_INSTRUCTIONS FOR THE TASK_
Would you write out each line of the material below exactly, skipping every picture?

╭──

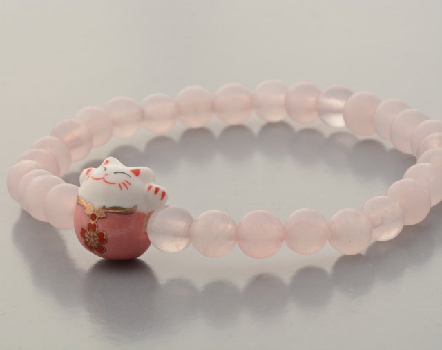 Zabawna, urocza bransoletka wykonana z kulek różowego kwarcu (6mm) oraz ceramicznego chińskiego kota szczęścia.
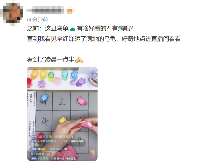 而这些让奥运冠军都玩上头的玩具乌龟,其实并不简单,它们来自近段时间大火的“拆盲盒”直播间。
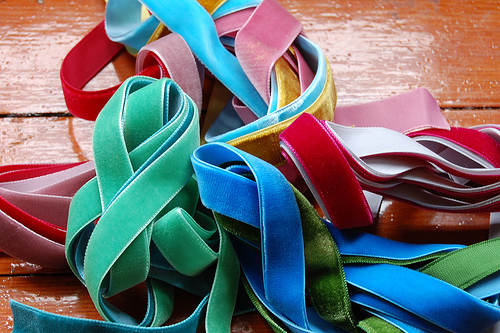 I also bought a whole mess of velvet ribbon. I couldn't resist, they were all so beautiful and I think that they're even more beautiful in a group! The super bum here was that I asked for a yard and a half of each but didn't realize until I got home that the girl only gave me a yard of each. She charged me correctly but a yard just isn't quite enough to be really useful.
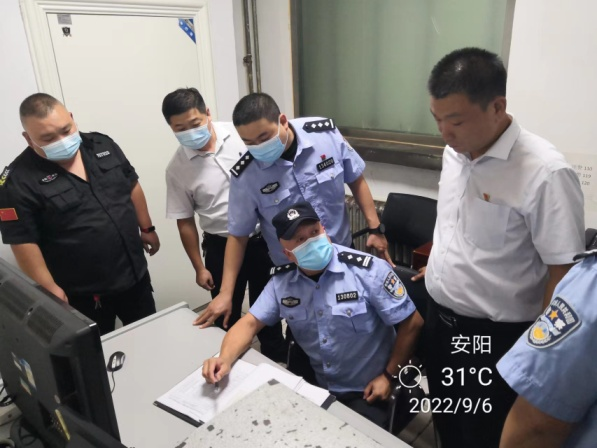 9月6日上午,安陽市公安局治安支隊民警郭慶林、張濤一行在守押分公司領(lǐng)導韋洪東的陪同下,到七大隊檢查工作,大隊長楊中朝全程陪同。
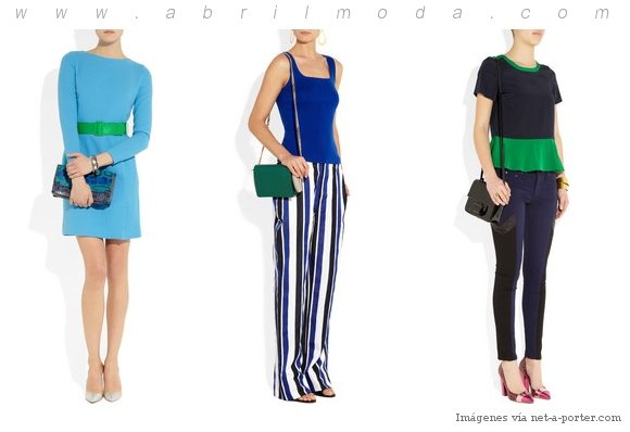 Otra opción un poco más «arriesgada» y muy a la moda, es combinar este tono verde Esmeralda con diferentes tonos de azul… Las opciones son muchas, desde llevarlo con tonos más celestes como el del primer ejemplo -para resultados más juveniles y algo «juguetones»-; hasta combinarlo con tonos azules oscuros para composiciones más «clásicas».
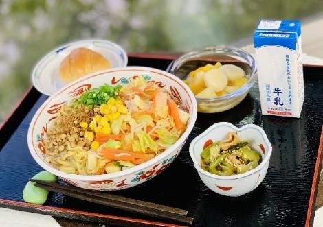 内容 :EARTH FRIENDLYラーメン、小松菜と油揚げのナムル、フルーツポンチ、ロールパン、牛乳

╰──

_SOLUTION TO THIS EXERCISE_
 Zabawna, urocza bransoletka wykonana z kulek różowego kwarcu (6mm) oraz ceramicznego chińskiego kota szczęścia.
 而这些让奥运冠军都玩上头的玩具乌龟,其实并不简单,它们来自近段时间大火的“拆盲盒”直播间。
 I also bought a whole mess of velvet ribbon. I couldn't resist, they were all so beautiful and I think that they're even more beautiful in a group! The super bum here was that I asked for a yard and a half of each but didn't realize until I got home that the girl only gave me a yard of each. She charged me correctly but a yard just isn't quite enough to be really useful.
 9月6日上午,安陽市公安局治安支隊民警郭慶林、張濤一行在守押分公司領(lǐng)導韋洪東的陪同下,到七大隊檢查工作,大隊長楊中朝全程陪同。
 Otra opción un poco más «arriesgada» y muy a la moda, es combinar este tono verde Esmeralda con diferentes tonos de azul… Las opciones son muchas, desde llevarlo con tonos más celestes como el del primer ejemplo -para resultados más juveniles y algo «juguetones»-; hasta combinarlo con tonos azules oscuros para composiciones más «clásicas».
 内容 :EARTH FRIENDLYラーメン、小松菜と油揚げのナムル、フルーツポンチ、ロールパン、牛乳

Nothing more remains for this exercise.